Мать была умна и потому сумела победить в себе непосредственное побуждение, заставлявшее её кидаться сломя голову при каждом жалобном крике ребёнка. Спустя несколько месяцев после этого разговора мальчик свободно и быстро ползал по комнатам, настораживая слух навстречу всякому звуку и с какою-то необычною в других детях живостью ощупывал всякий предмет, попадавший в руки.
Мать он скоро научился узнавать по походке, по шелесту платья, по каким-то ещё, ему одному доступным, неуловимым для других признакам: сколько бы ни было в комнате людей, как бы они ни передвигались, он всегда направлялся безошибочно в ту сторону, где она сидела. Когда она неожиданно брала его на руки, он всё же сразу узнавал, что сидит у матери. Когда же его брали другие, он быстро начинал ощупывать своими ручонками лицо взявшего его человека и тоже скоро узнавал няньку, дядю Максима, отца. Но если он попадал к человеку незнакомому, тогда движения маленьких рук становились медленнее: мальчик осторожно и внимательно проводил ими по незнакомому лицу, и его черты выражали напряжённое внимание; он как будто вглядывался кончиками своих пальцев.

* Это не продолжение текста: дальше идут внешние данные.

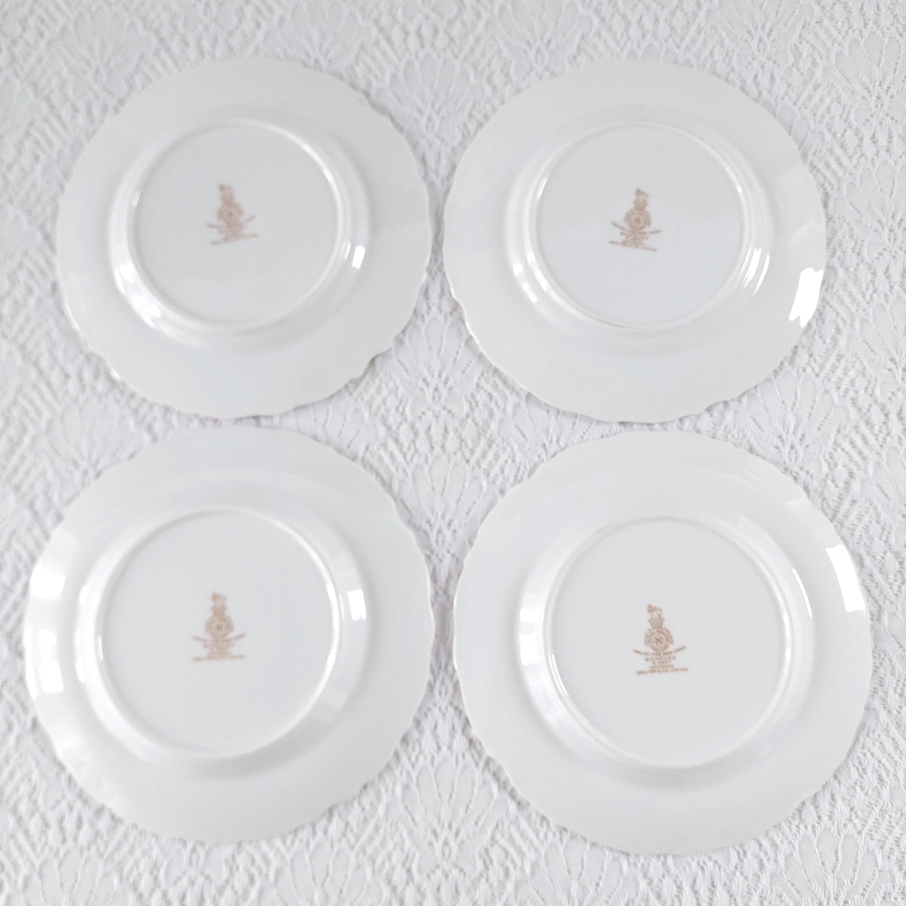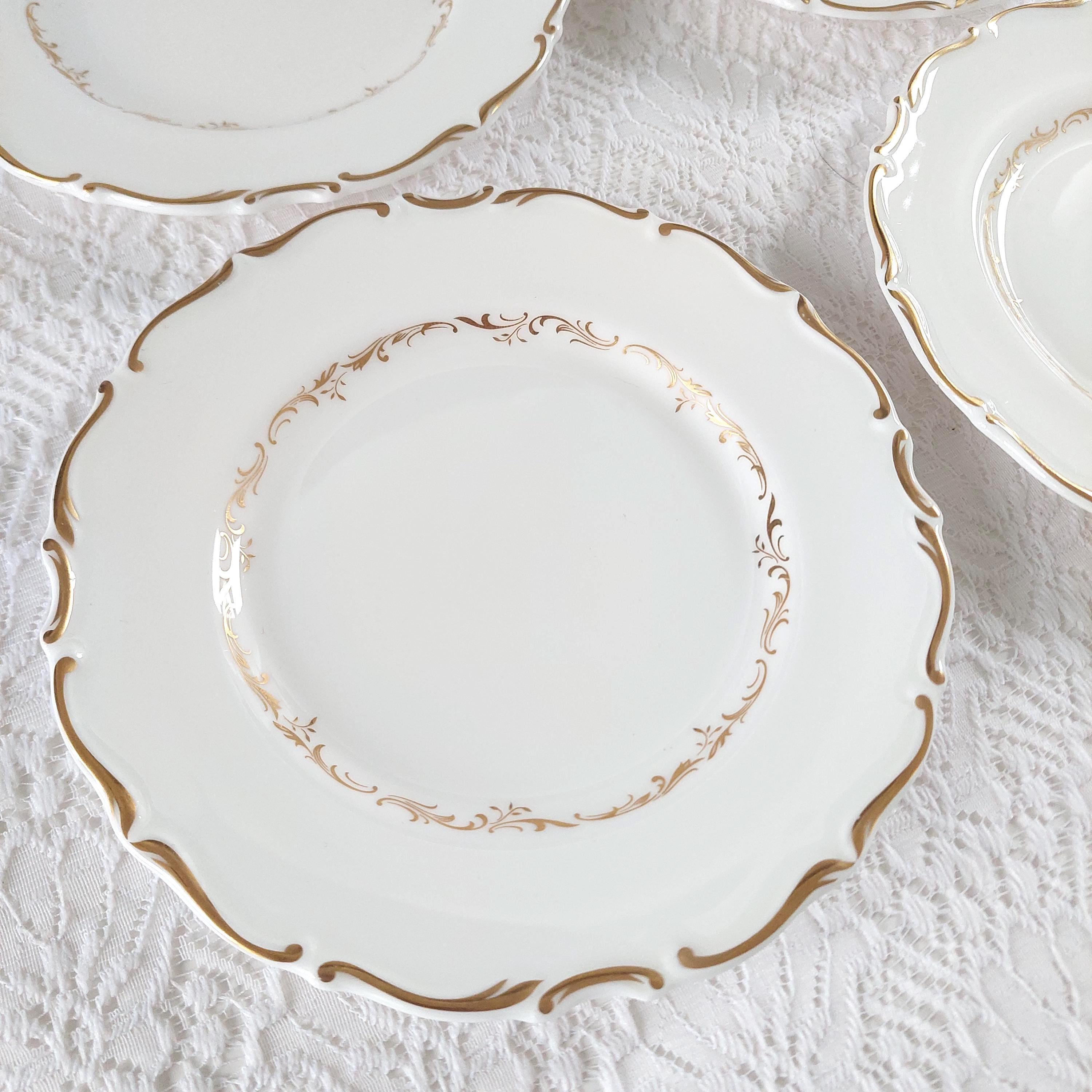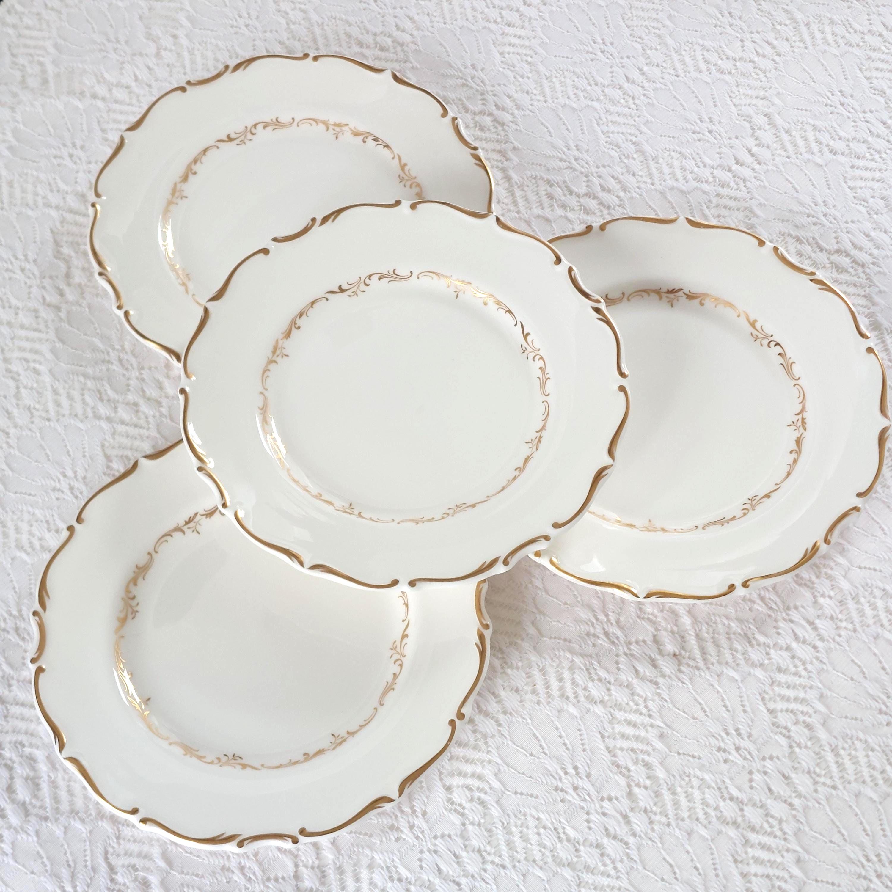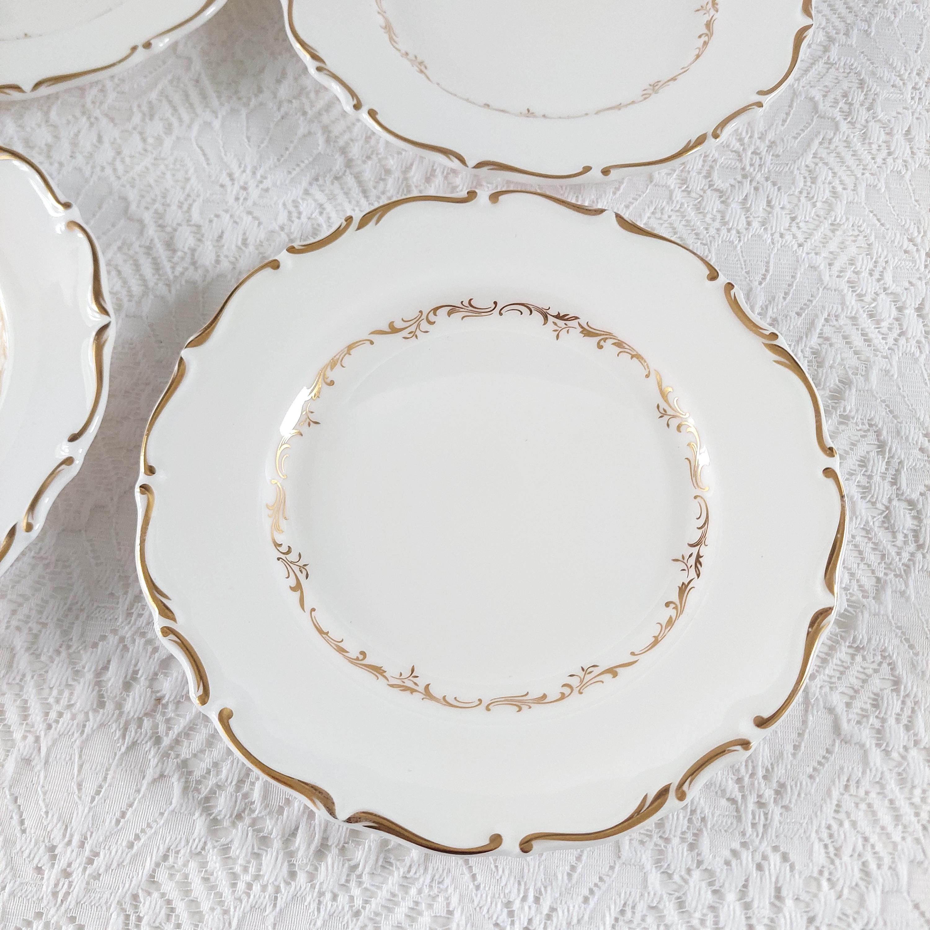 Vintage Royal Doulton "Richelieu" (H4957) side plate set. Crafted in England, this discontinued pattern is a hallmark of Mid-Century elegance, featuring timeless gold scrolls and a delicate scalloped edge on fine white bone china.

По натуре он был очень живым и подвижным ребёнком, но месяцы шли за месяцами, и слепота всё более налагала свой отпечаток на темперамент мальчика, начинавший определяться. Живость движений понемногу терялась; он стал забиваться в укромные уголки и сидел там по целым часам смирно, с застывшими чертами лица, как будто к чему-то прислушиваясь. Когда в комнате бывало тихо и смена разнообразных звуков не развлекала его внимания, ребёнок, казалось, думал о чём-то с недоумелым и удивлённым выражением на красивом и не по-детски серьёзном лице.
Дядя Максим угадал: тонкая и богатая нервная организация мальчика брала своё и восприимчивостью к ощущениям осязания и слуха как бы стремилась восстановить до известной степени полноту своих восприятий. Всех удивляла поразительная тонкость его осязания. По временам казалось даже, что он не чужд ощущения цветов; когда ему в руки попадали ярко окрашенные лоскутья, он дольше останавливал на них тонкие пальцы, и по лицу его проходило выражение удивительного внимания. Однако, со временем стало выясняться всё более и более, что развитие восприимчивости идёт главным образом в сторону слуха.
Вскоре он изучил в совершенстве комнаты по их звукам: различал походку домашних, скрип стула под инвалидом-дядей, сухое, размеренное шорканье нитки в руках матери, ровное тиканье стенных часов. Иногда, ползая вдоль стены, он чутко прислушивался к лёгкому, неслышному для других шороху и, подняв руку, тянулся ею за бегавшею по обоям мухой. Когда испуганное насекомое снималось с места и улетало, на лице слепого являлось выражение болезненного недоумения. Он не мог отдать себе отчёта в таинственном исчезновении мухи. Но впоследствии и в таких случаях лицо его сохраняло выражение осмысленного внимания; он поворачивал голову в ту сторону, куда улетала муха, — изощрённый слух улавливал в воздухе тонкий звон её крыльев.
Мир, сверкавший, двигавшийся и звучавший вокруг, в маленькую головку слепого проникал главным образом в форме звуков, и в эти формы отливались его представления. На лице застывало особенное внимание к звукам: нижняя челюсть слегка оттягивалась вперёд на тонкой и удлинившейся шее. Брови приобретали особенную подвижность, а красивые, но неподвижные глаза придавали лицу слепого какой-то суровый и вместе трогательный отпечаток.
Третья зима его жизни приходила к концу. На дворе уже таял снег, звенели весенние потоки, и вместе с тем здоровье мальчика, который зимой всё прихварывал и потому всю её провёл в комнатах, не выходя на воздух, стало поправляться.
Вынули вторые рамы, и весна ворвалась в комнату с удвоенной силой. В залитые светом окна глядело смеющееся весеннее солнце, качались голые ещё ветки буков, вдали чернели нивы, по которым местами лежали белые пятна тающих снегов, местами же пробивалась чуть заметною зеленью молодая трава. Всем дышалось вольнее и лучше, на всех весна отражалась приливом обновлённой и бодрой жизненной силы.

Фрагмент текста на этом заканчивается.